What causes dogs to get pain?

Any dog can suffer from pain and injury. This includes working, racing, agility, and companion dogs. The causes are many:

  • Breed weaknesses: e.g., hip dysplasia in German Shepherds and Labradors, patella luxation in small breed dogs.
  • Repetitive strain injuries: e.g., running up and down the stairs, jumping off sofas, running on hard and slippery floors, fetching the ball.
  • Trauma: e.g., in falls, road traffic accidents, fights.
  • Sports injuries: e.g., in agility, racing, fly ball.
  • Age: e.g., wear and tear of joints.
  • Surgery

How can osteopathy help dogs?

The aim of osteopathy is to find the cause of your dog’s pain and to manage their health holistically, which means we also consider other aspects of their life such as environment, general health, behaviour and diet.

Canine osteopathy can help treat the joints, muscles, tendons, and ligaments. It can help improve your dog’s performance.
Canine osteopathy uses hands-on techniques to help:

  • reduce your dog’s symptoms
  • improve their overall health and performance
  • reduce chances of re-injury

Osteopathy can be used alongside medication and surgery, to help speed your dog’s recovery. One can also use osteopathy as an alternative method to help reduce the need for medication or surgery.

When would osteopathy be suitable for my dog?

It’s not always easy to tell when a dog is in pain. The signs can be subtle:

  • Personality or behavioural changes (grumpy, depressed, less “obedient”, for instance refusing to sit when asked as it might be painful, just not themselves).
  • Loss of appetite.
  • Reduced levels of daily activities, such as reluctance or refusal to walk upstairs, jump in the car or even just go for a walk.
  • Changes in their gait when walking or running. General movement appears restricted, muscle wasting.
  • Whimper, growl, or bite when touching a certain area.

What to expect during an appointment?

We want to know their symptoms, medical history, and lifestyle but also their character and temperament to make an accurate diagnosis and to get an insight of how to best approach treatment with your dog. A dog that is given time to settle is more likely to relax into treatment and have a positive experience.

We will also write down what you tell us in your records. These will be treated as confidential in accordance with standards of practice set out by the General Osteopathic Council and the Data Protection Act 1998.

The actual assessment will begin with an observation of the dog through gait cycles: walk, trot and canter (if possible). We might ask your permission to video it for a more accurate assessment and as reference point to assess progress. If you have any footage yourself, please bring it with you.

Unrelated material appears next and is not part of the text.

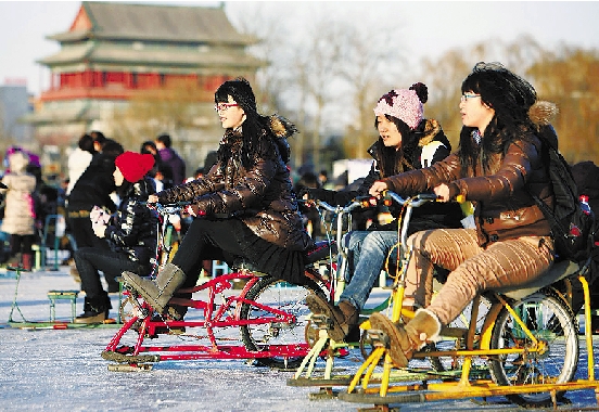 ↑ 1月2日,年轻人在北京什刹海冰场骑冰上自行车。 新华社发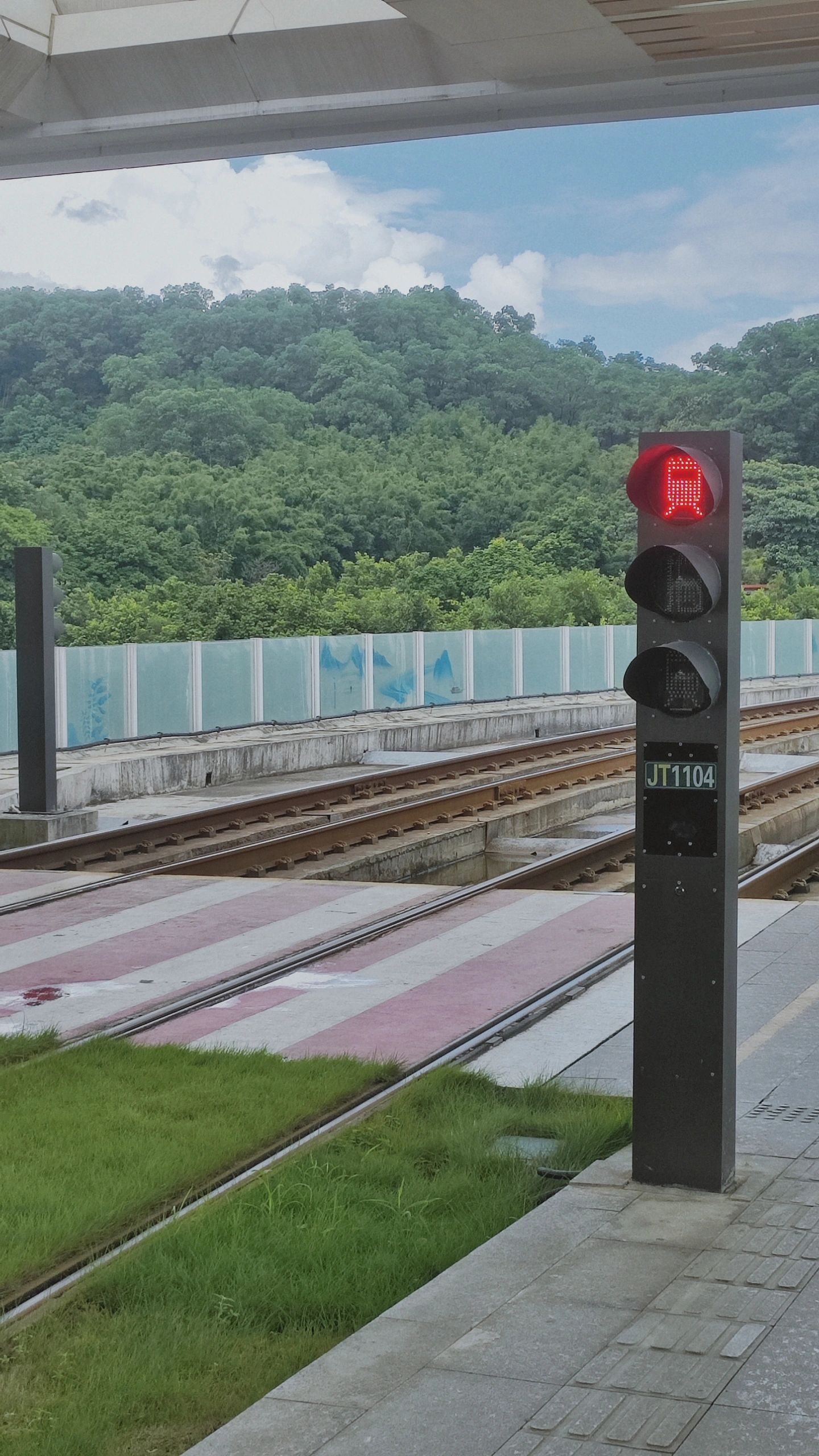 电车站台🚉很好拍照,绿绿草坪轨道➕蓝天白云,美好要素集齐。

This will be followed by general palpation of the dog’s entire body, looking for imbalance, tension, strain patterns and injury, and by orthopaedic and neurological examinations. At this point an osteopathic evaluation can be made. I will explain my hypothesis and management plan and will answer any question that you might have. Treatment will follow to restore or improve function and movement.

Occasionally, the dog may have to be referred to the vet for further investigations before commencing with treatment.

What does the treatment involve?

It generally involves different osteopathic techniques such as mobilisations, manipulation, soft tissue massage, lymphatic drainage, stretching and strengthening.
I also use, when needed, a low-level Omega laser, which promotes optimal wound healing, pain relief, healing of soft tissue injuries (muscles, tendons, and ligaments). Low level laser is safe, non-invasive, painless, side-effect free. (Omega Laser Treatment read more here.)

Generally, dogs enjoy treatment, though when working over a painful area, we work sensitively. All techniques are modified to account for the dog’s pain.

Is osteopathy safe for my dog?

Osteopathy is suitable for the majority of dogs that have musculoskeletal issues. However, it is a legal requirement to gain veterinary consent before giving osteopathic treatment.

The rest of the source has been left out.